Dealing with regulatory compliance and reporting demands is the top initiative requiring the most time, energy and resources this year from a management perspective, KPMG said. It also is the top issue posing a threat to their business model, and one of the most significant drivers with respect to making decisions about mergers and acquisitions.
From a technology perspective, data and analytics also are increasingly important, the survey found, as risk management ascends on the industry agenda. The regulatory landscape adds new urgency around enterprise-wide efforts around the identification, management and reporting of risks, KPMG said.
According to respondents, 25 percent said their company now has a high degree of data and analytics maturity, which represents a 5-percentage point increase over last year. The best use of data and analytics, respondents said, were risk management (37 percent), acquiring customers (35 percent), competitive intelligence (33 percent), product positioning (30 percent), operational excellence (27 percent), finance (21 percent), government regulation (13 percent), and human capital (10 percent).

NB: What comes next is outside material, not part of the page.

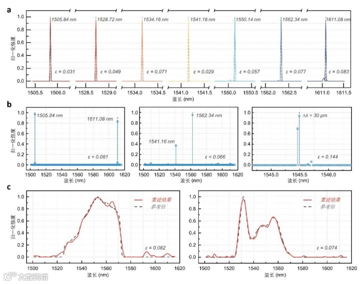 实验展示了此器件超过115纳米的工作带宽和小于30皮米超高分辨率。图3分别展示了其探测单峰、双峰窄带激光信号和宽带ASE光谱信号的测量结果,体现了较高的还原准确性。进一步仿真结果显示通过优化重构网络的采样通道数,器件可以实现个位皮米数的分辨率,达到甚至超过诸多台式光谱仪的性能标准。

The biggest challenges to implementing data and analytics, according to respondents, included: the cost of implementation and ongoing support (47 percent), a significant increase from last year, when 25 percent of respondents offered the same response; platform or technology needed to support analytics (31 percent), compared to 27 percent last year; cleansing and maintaining data integrity (29 percent), compared to 37 percent last year; complexity of analytic design to achieve end result (28 percent), which was unchanged from last year.
The highest priority investment areas were: IT infrastructure, 43 percent vs. 57 percent last year; data analytics, 33 percent, N/A last year; customer growth or service, 32 percent vs. 37 percent last year; risk modeling and analysis, 26 percent vs. 21 percent last year; cloud computing, 20 percent vs. 12 percent last year; administrative systems, 18 percent vs. 21 percent last year; e-commerce, 18 percent vs. 21 percent last year; forecasting capabilities, 14 percent vs. 12 percent last year; accounting systems, 8 percent vs. 9 percent last year; grid computing, 2 percent vs. 0 percent last year.
Modernization efforts have been hampered by efforts to meet regulatory demands and operational requirements resulting from the financial crisis that began in 2008, respondents said. Longer-term challenges presented by middleware and legacy systems identified by participants were: extensive IT implementations to modernize existing platforms, 55 percent; slower time to market and at a higher cost, 37 percent; inability to access and/or cultivate data, 22 percent; inability to integrate new acquisitions, 18 percent; no current issue in our environment, 15 percent; not sure/don't know 6 percent; other 1 percent.
Merger and acquisition activity declined markedly from last year, KPMG said; 41 percent said their companies did not have any such plans this year, compared to 32 percent last year. Merger plans, respondents said, would be driven by interest in new markets, 41 percent; to manage regulatory changes (36 percent), and gain product synergies, 29 percent.